Abraham Kuyper has been called the greatest Calvinist since Calvin, and he has pursued this vein of Calvin’s thought with force and consistency. For example, in his book on Calvinism he indicates that Calvinism is not just a doctrine of salvation but a total life system involving politics, science, and art. He writes:

“Thus understood Calvinism is rooted in a form of religion which was peculiarly its own, and from this specific religious consciousness there was developed first a peculiar theology, then a special church-order, and then a given form for political and social life, for the interpretation of the moral and world-order, for the relation between nature and grace, between Christianity and the world, between church and state, and finally for art and science.” (Lectures on Calvinism, pp. 10)

What Kuyper says of art is also important in showing that evangelical theology has a world-affirming dimension that so frequently gets dropped out in its exposition. Kuyper writes of art as follows:

“As image-bearer of God, man possesses the possibility to create something beautiful and to delight in it.
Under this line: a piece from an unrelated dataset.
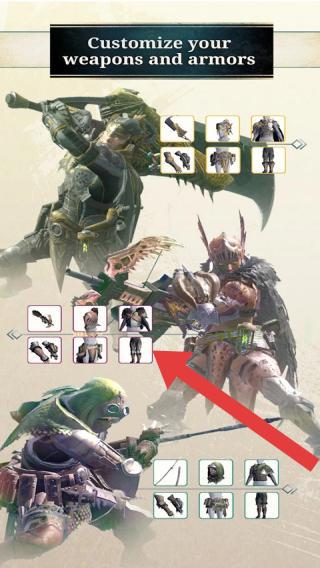2、文字“定制你的武器和盔甲”,畫面展示了不同造型的獵人角色以及可選擇搭配的武器、盔甲等裝備,強調裝備自定義玩法。

This artistic ability is in man no separate function of the soul but an unbroken (continuous) utterance of the image of God…Understand that art is no fringe that is attached to a garment and no amusement that is added to life, but a most serious power in our present existence, and therefore its principal variations must maintain, in their artistic expression, a close relation with the principal variations of our entire life; and since, without exception, these principal variations of our entire human existence are dominated by our relation to God, would it not be both a degradation and an underestimation of art, if you were to imagine the functions, into which the art-trunk divides itself, to be independent of the deepest root which all human life has in God?” (Lectures on Calvinism, pp. 142)"

Certainly bucks the standard trend of interpretations that boils Calvin down to nothing more than a grim and puritanical ideologue.